Your Turn” is a new, ongoing feature at Culture on the Edge, in which we just plant the seed by picking a ripe e.g. and then soliciting and responding to your analysis.

Maybe the beach really is better?

Recently, as I sat down on a beach near Nice, France, I took notice of two women in front of me. One was wearing the tiniest of French bikinis, the other, a full burka. Other than the sand — Nice’s beaches are quite pebbly — the scene looked a lot like the photo above and sent my mind spinning, a growing clarity or distillation of oh so many discussions and debates I’ve had here in the academy about women’s rights, liberation and the like began to emerge. The juxtaposing bodies, each “oppressed” or “subjugated” in their own ways via the burka or bikini (of course, depending on the social interests at stake), collided in front of me in the south of France, a country that has recently banned face-covering burkas from public altogether and the more basic headscarf from schools and other civic institutions and establishments back in 2004.

It seems, though, that some other nations are thinking about similar legislation. In the UAE, growing anger over visiting women showing too much skin, has some in Dubai looking to impose laws that would dictate what (or how much) must be worn in public places, including beaches.

The battle over women’s flesh gets even more interesting — when we think of these issues as related to some notion of “liberation” when we find out that women are seeking solace in segregated, women’s only beaches popping up in places like Egypt where Muslim women can go and wear a Western bikini without fear of men seeing them — except for the men on jetskis driving up to check them out for a second or two.

At CotE, we try hard to focus on methodological applicability across disparate sets of data. That is, we try to treat all data with the same critical methodological approach.

It seems that the beach is a place where such parity is foregrounded. The “Beach Is Better,” Jay Z told us last summer, and maybe that’s because everyone brings themselves to the beach:

I brought sand to the beach

Cause my beach is better

You can keep your beach

Cause that beach whatever…

So, what do you think? Is the beach really better?


One Reply to “Your Turn: Is the Beach Really Better?”

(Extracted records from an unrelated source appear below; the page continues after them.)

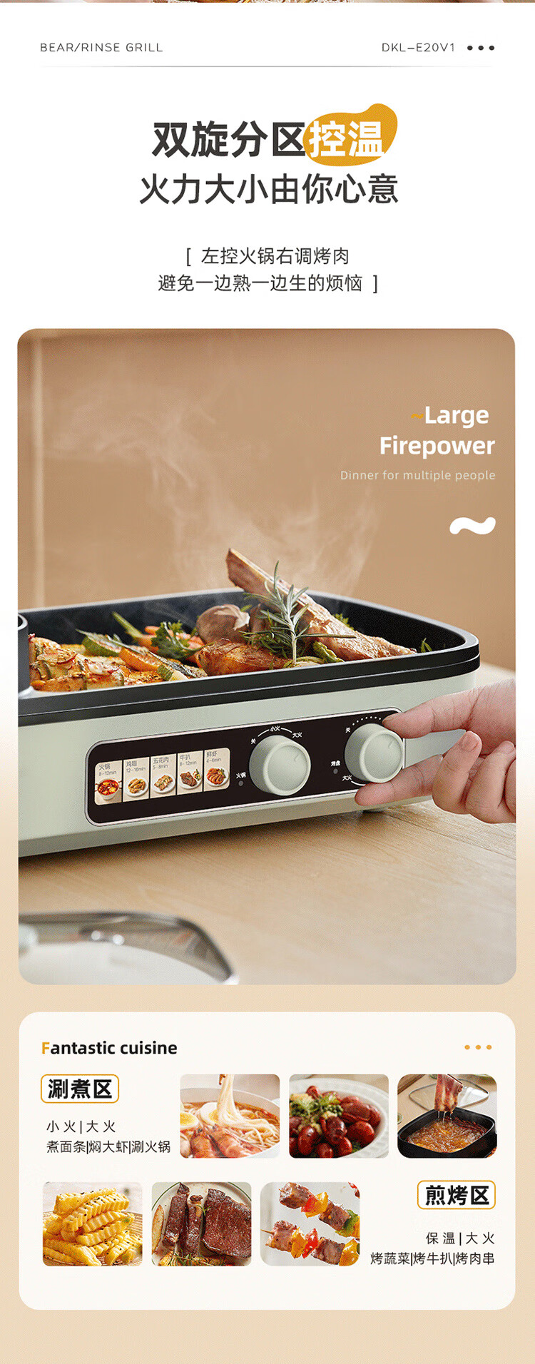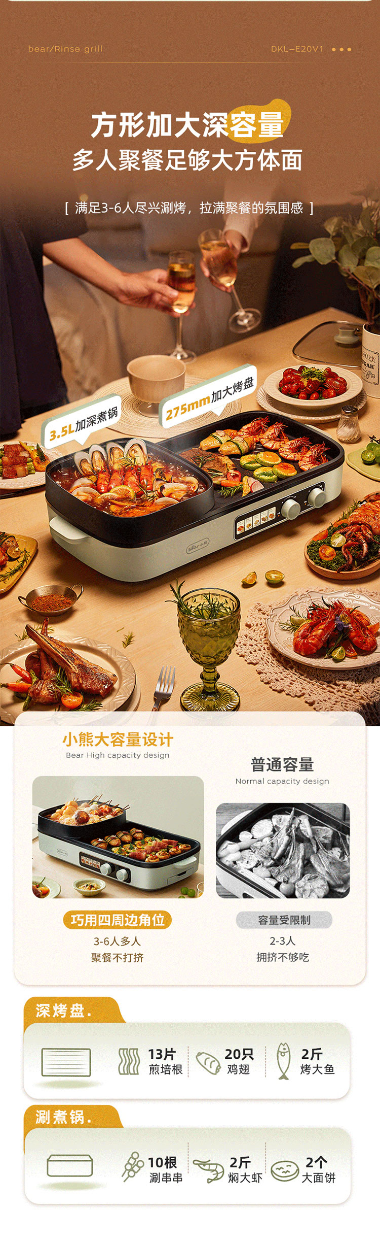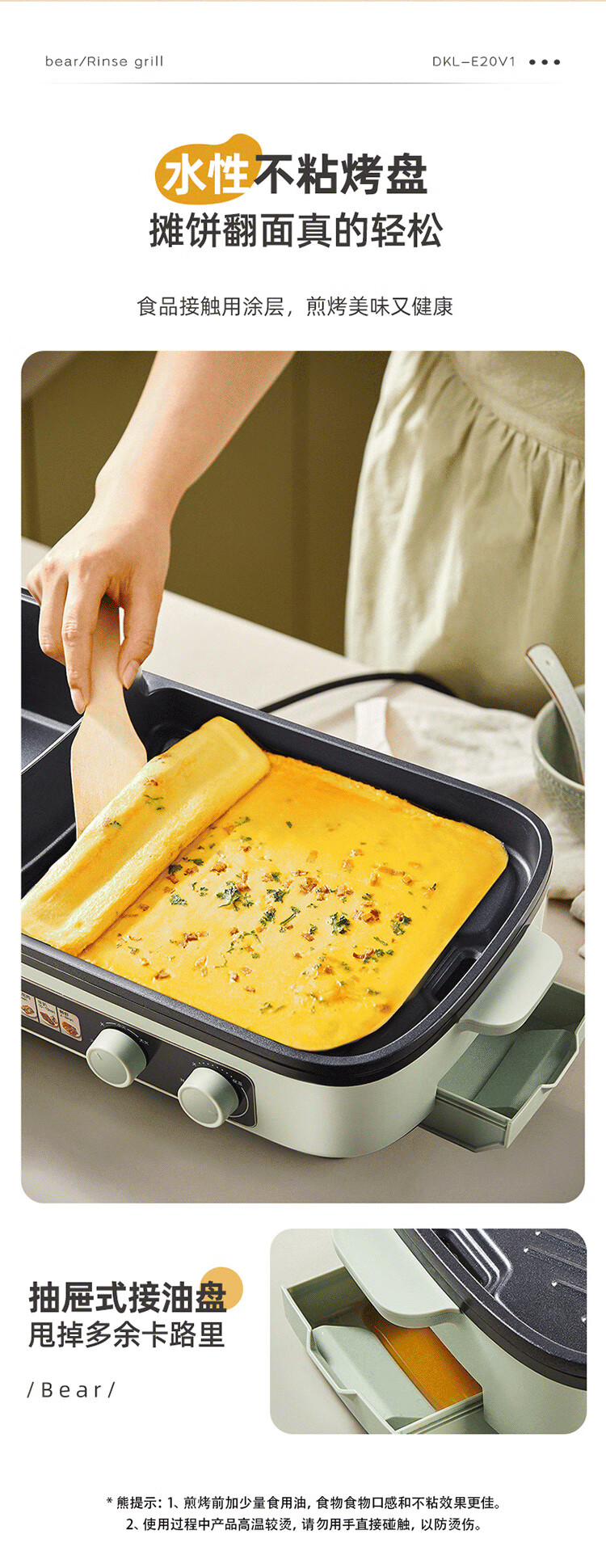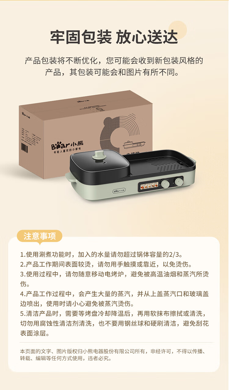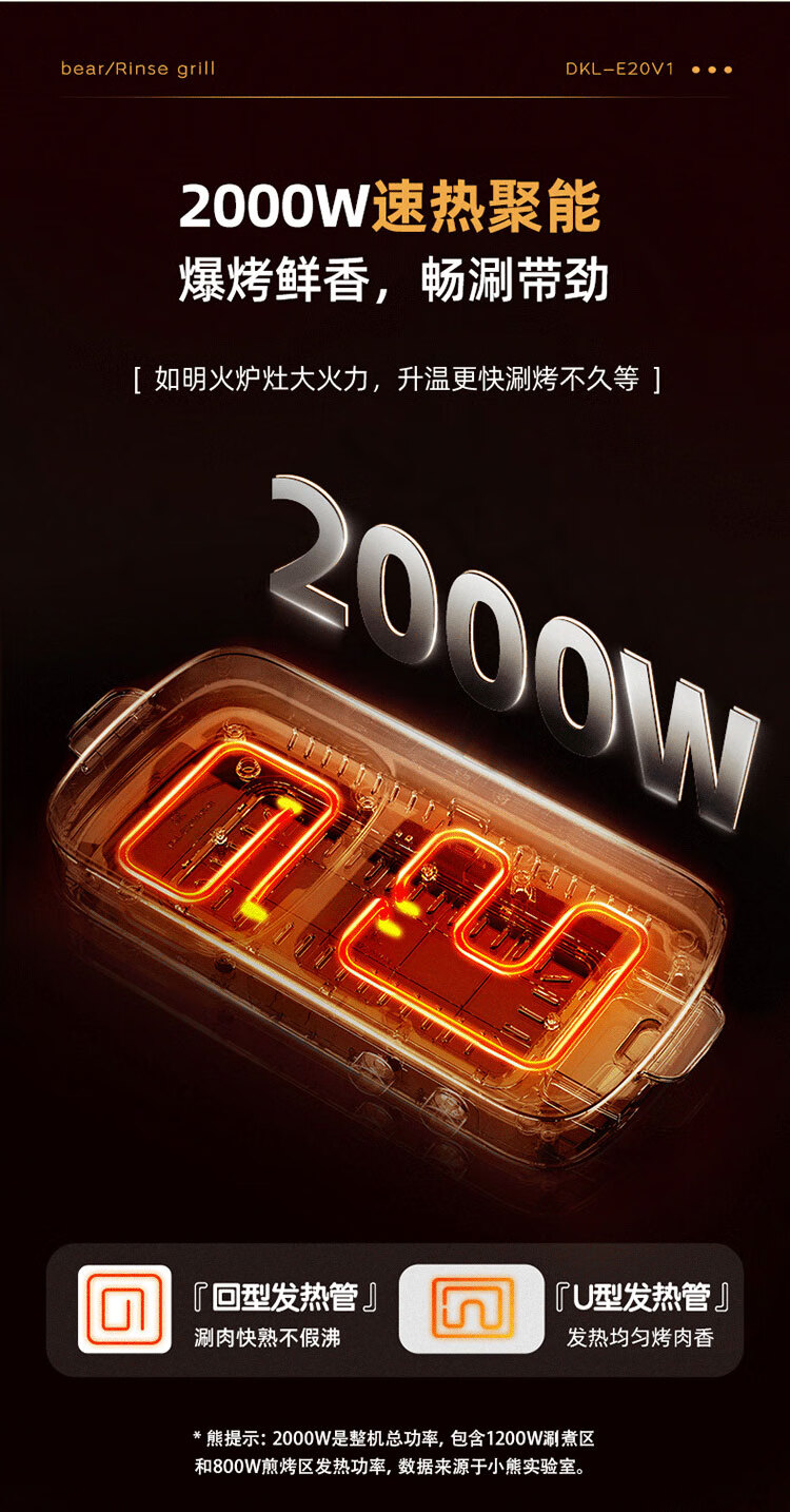 小熊(Bear) 电烧烤炉3.5L烤涮一体两用锅 DKL-E20V1 2000W 绿色(单位:台)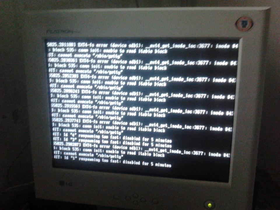 Z racji tego, że komputer zawieszał się coraz częściej oraz popsułem konfigurację Apache, postanowiłem przeinstalować Debiana. Instalacja na tym samym pendrivie nie powodziła się (instalator wyrzucał błędy coś związane z niemożnością zapisania układu partycji). Wybrałem to tego celu innego pendriva (kiedyś zainstalowany był na nim XBMC /w wersji opartej o Ubuntu/). Standardowo partycja "SWAP" (być może to go uszkodziło) i partycja główna "/". Tu jednak system nie podziałał zbyt długo - całe 3 dni. Przy próbie startu wyskakują takie komunikaty.
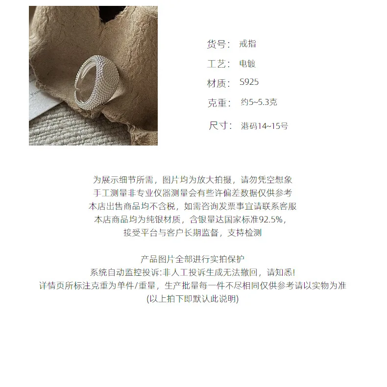 S925 Sterling Silver Korean Version of Niche Design Retro Texture Simple Basic Ring South Korea’s Fashion Ring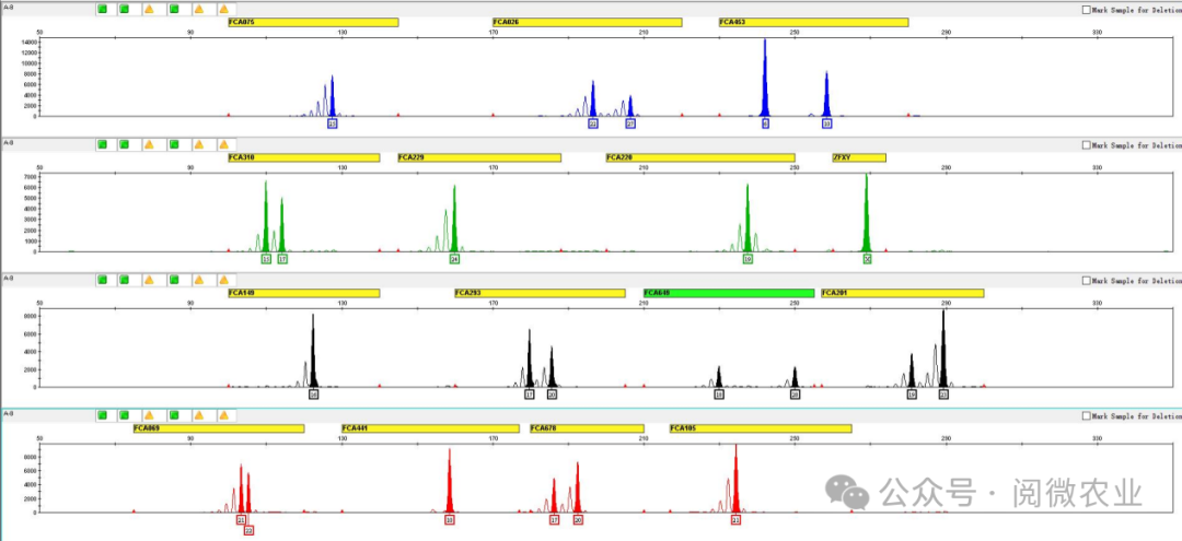 自 2014 年农业部联合各地重点农作物农科院、研究所、农林科学院等单位起草几个主要粮食作物的品种鉴定SSR 检测行业标准,根据该标准,k8凯发基因开发了检测作物SSR 的 panel。该 panel 采用荧光 PCR 扩增(Quantitive Fluorescent PCR,QF-PCR)结合毛细管电泳检测的方法,进行扩增片段产物大小的准确检测。

  1. What a fascinating piece! Is the solace experienced at these beaches (though, churches, mosques, or classrooms might also work here) the fruit of a liberative act or a temporary elusion from certain (though, not all) oppressive stares? At the beach there is the gaze of the other women as well as the possibility of unwelcome voyeurs. And at some point, these women go home. I mention this not to belittle the idea of solace but to raise questions about how, when, and where we distinguish “better” from “whatever.” I’m now trying to imagine the different spectrums on which these women appraise themselves and the others that constitute their contexts.